Work instruction
The printed result should hold only the lines from the opening of the data through the line bearing "外國運(yùn)動(dòng)員書寫明信片。(新都融媒體中心供圖)", exactly as given and without pictures.

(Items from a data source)
---

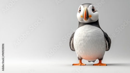 © Lena, Obraz premium A Cartoon Puffin Standing Against a White Background
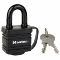 Visací zámek z vrstvené oceli s potahem z termoplastu. Odolný vůči povětrnostním vlivům a poškození. Šířka zámku 40 mm. Třmen z kalené oceli o průměru 9 mm odolný proti přeřezání, vložka se 4 stavítky. Dvojitá západka odolná proti vypáčení, krytka klíčové dírky. Bezpečnostní třída Master Lock™ 5.Visací zámek Master Lock odolný povětrnostním vlivům, průměr třemene 9 mm, výška 16 mm
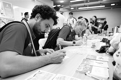 外國運(yùn)動(dòng)員書寫明信片。(新都融媒體中心供圖)
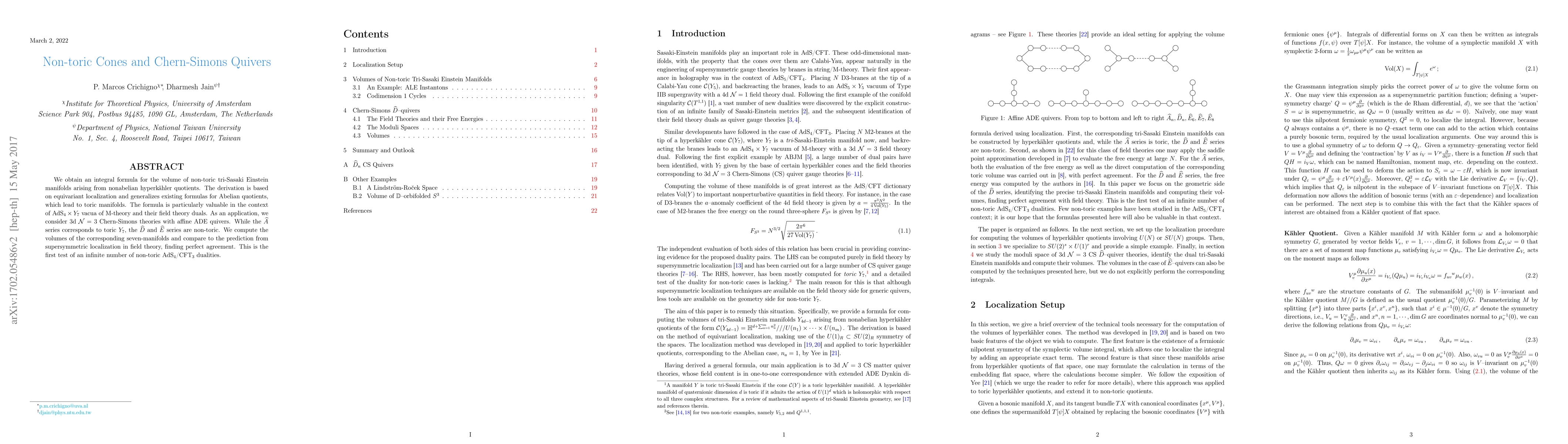 We obtain an integral formula for the volume of non-toric tri-Sasaki Einstein manifolds arising from nonabelian hyperkahler quotients. The derivation is based on equivariant localization and generalizes existing formulas for Abelian quotients, which lead to toric manifolds. The formula is particularly valuable in the context of AdS$_{4}\times Y_{7}$ vacua of M-theory and their field theory duals. As an application, we consider 3d $\mathcal N=3$ Chern-Simons theories with affine ADE quivers. While the $\widehat A$ series corresponds to toric $Y_{7}$, the $\widehat D$ and $\widehat E$ series are non-toric. We compute the volumes of the corresponding seven-manifolds and compare to the prediction from supersymmetric localization in field theory, finding perfect agreement. This is the first test of an infinite number of non-toric AdS$_4$/CFT$_3$ dualities.
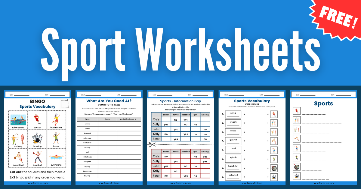 These sports worksheets are designed to help beginner ESL students learn the names of sports in English. Add them to your sports lesson plan to create a fun and interactive class. Below you’ll find vocabulary worksheets for practicing reading and writing sports words, plus speaking activities to get students making dialogues with questions like “Do you like tennis?” and “Are you good at soccer?”

---

Result of the exercise
 © Lena, Obraz premium A Cartoon Puffin Standing Against a White Background
 Visací zámek z vrstvené oceli s potahem z termoplastu. Odolný vůči povětrnostním vlivům a poškození. Šířka zámku 40 mm. Třmen z kalené oceli o průměru 9 mm odolný proti přeřezání, vložka se 4 stavítky. Dvojitá západka odolná proti vypáčení, krytka klíčové dírky. Bezpečnostní třída Master Lock™ 5.Visací zámek Master Lock odolný povětrnostním vlivům, průměr třemene 9 mm, výška 16 mm
 外國運(yùn)動(dòng)員書寫明信片。(新都融媒體中心供圖)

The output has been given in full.